Nesse mundo, abracei e beijei as pessoas com a simplicidade e a ingenuidade de uma criança, apenas pela troca de afeto, essencial ao ser humano. Dançava todos os finais de semana nos forrós locais. ficando conhecida pelo meu jeito “festeiro” e alegre.

Meu trabalho junto aos jovens, sem perspectivas de futuro, e junto às mulheres, herdeiras de uma cultura de submissão, foi meu esteio e minha esperança. Joguei sementes em terreno fértil, mas há necessidade de todos os tipos de adubos que bons profissionais possam proporcionar.

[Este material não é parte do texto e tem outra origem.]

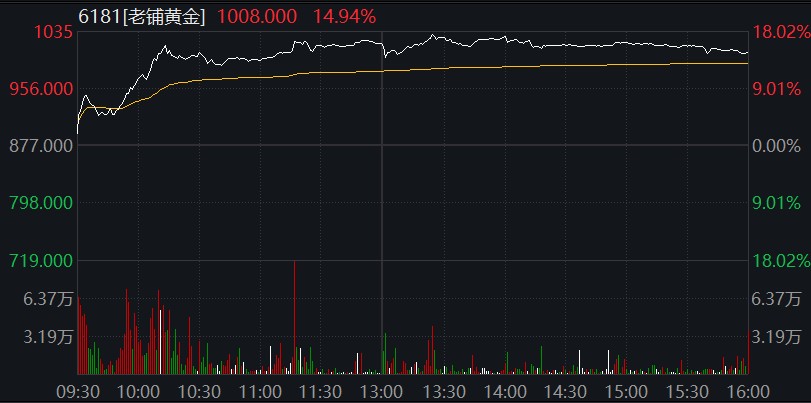 港股新消费概念股走强,截至收盘,老铺黄金涨 15%,股价突破 1000 港元,盘中最高触及 1035 港元/股。自 2024 年 6 月 28 日登陆港股以来,实际已较 40.5 港元的发行价累计上涨了约 25 倍。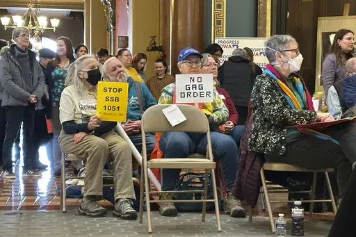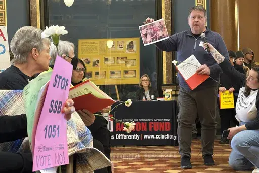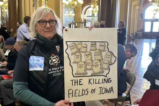 Opponents, including those who rallied Monday in Des Moines, say the bills would limit the rights of people to hold companies accountable if their products cause harm. Speakers took turns telling stories of family members throughout the state who have been diagnosed with cancers and shouted out to lawmakers that Iowa's people are more important than corporate profits.

Da mesma forma, a floresta e a cidade são grandes escolas. Escolas de vidas que sobrevivem sem os encantos da vida moderna e, talvez por isso mesmo, mantenham o encanto da história, da cultura e do mistério. Mistério esse que procurei desvendar, a cada dia, em cada contato. Desafios da complexidade humana em meio à sabedoria da selva. 

Sabedoria que ainda espera ser libertada das marcas do assistencialismo, que caracterizou a história de uma população inteira. Povo que ainda carrega a prática da submissão, mas que já se defende com exigências cada vez mais difíceis de serem atendidas. O hábito de pedir, herdeiro do assistencialismo, alimentado pelo partidarismo político, em detrimento dos direitos e deveres, desconhecidos pela maioria, já apresenta indícios de conflitos, de contradições, sinalizando possíveis mudanças.    

O passado trazia muita saudade e o futuro gerava incertezas. A angústia do isolamento, a incerteza dos resultados, a impotência frente ao que não conseguia resolver, findavam por questionar o preço da saudade e da solidão. No entanto, a flexibilidade, a paciência e a persistência que Envira me ajudou a conquistar, são instrumentos imprescindíveis para a área social que a Academia não ensina a desenvolver. Minha atuação em trabalhos de campo facilitou a aprendizagem mas foi preciso a ousadia de tentar o novo, errar, aprender com o erro e recomeçar sempre que necessário.

A diversidade cultural, a imensidão de nosso País e a complexidade de nossos problemas sociais não permitem que fiquemos concentrados em núcleos urbanos, reclamando de nossa falta de oportunidade. Sabemos mais do que pensamos, mas acreditamos pouco no que sabemos o que nos impede de ousar e fazer a diferença. Fiquei dois longos anos em Envira, no entanto, tenho consciência de que não é o tempo que faz a História, é a História que marca o tempo.